Грешный любовник - Росс Джулия. Страница 22
– Лошади будут только рады вернуться домой шагом, – резко ворвался в ее мысли спокойный голос Дава. – Все волнения позади. Давай помогу.
Она согнула колено и позволила ему подсадить себя на спину гнедого. Конечно же, она умела ездить верхом. Но она никогда раньше не ездила без седла.
Скрыв глубоко в сердце свое нелепое горе от проигрыша, она сама себе усмехнулась не без жалости. Ах, да что там!

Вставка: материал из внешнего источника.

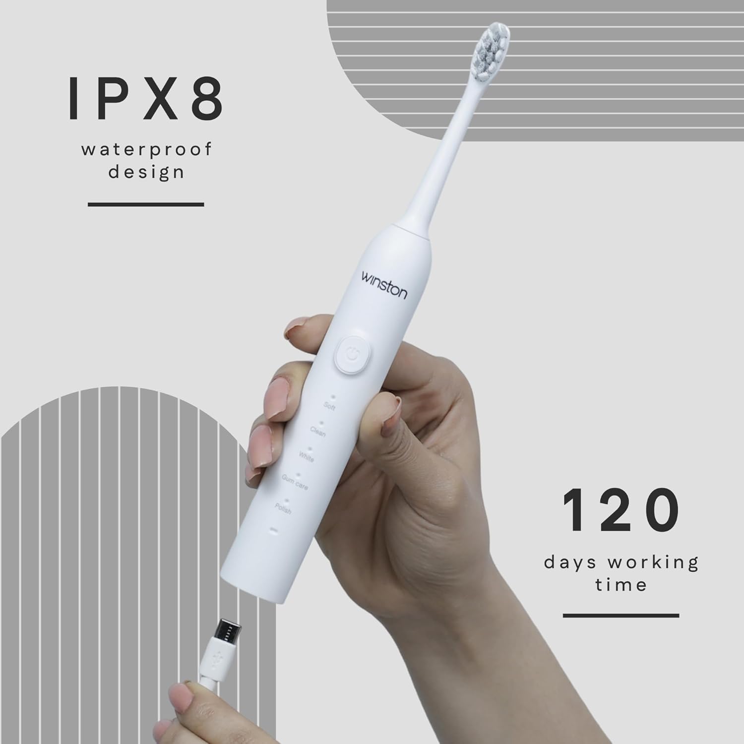Elevate your oral hygiene routine with our Rechargeable toothbrush features, designed to naturally help remove surface stains and promote a whiter smile over time.

Зато ее жизнь одаривала по-другому: например, сейчас ей выпала верховая прогулка без седла при лунном свете.
Дав запрыгнул на другого гнедого, а третьего повел в поводу.
– Итак, возвращаемся, дабы утопить наши печали в белом испанском вине, – возвестил он.
– Не следует ли мне, сэр, сначала сказать несколько слов о вашем благородстве? – осведомилась она, нарочно придав своему голосу некоторую насмешливость и даже нагловатость, как пристало бы мальчишке, хотя по его голосу она поняла, что он и взвинчен, и напряжен.
От удивления он даже рассмеялся.
– Боже мой, нет!
– Мы могли выиграть. Лорд Хартшем вполне мог бы спасти своего камердинера собственными силами.
– Они оба насквозь промокли. Его человек потерял сознание.
Может, ей только показалось, что он напряжен?
– Лорд Боун, очевидно, не обременен подобной совестливостью.
– Ему и не требовалось проявлять совестливость. Мы уже занялись пострадавшими. Кстати сказать, ноги у меня совершенно заледенели. Может, пора в путь?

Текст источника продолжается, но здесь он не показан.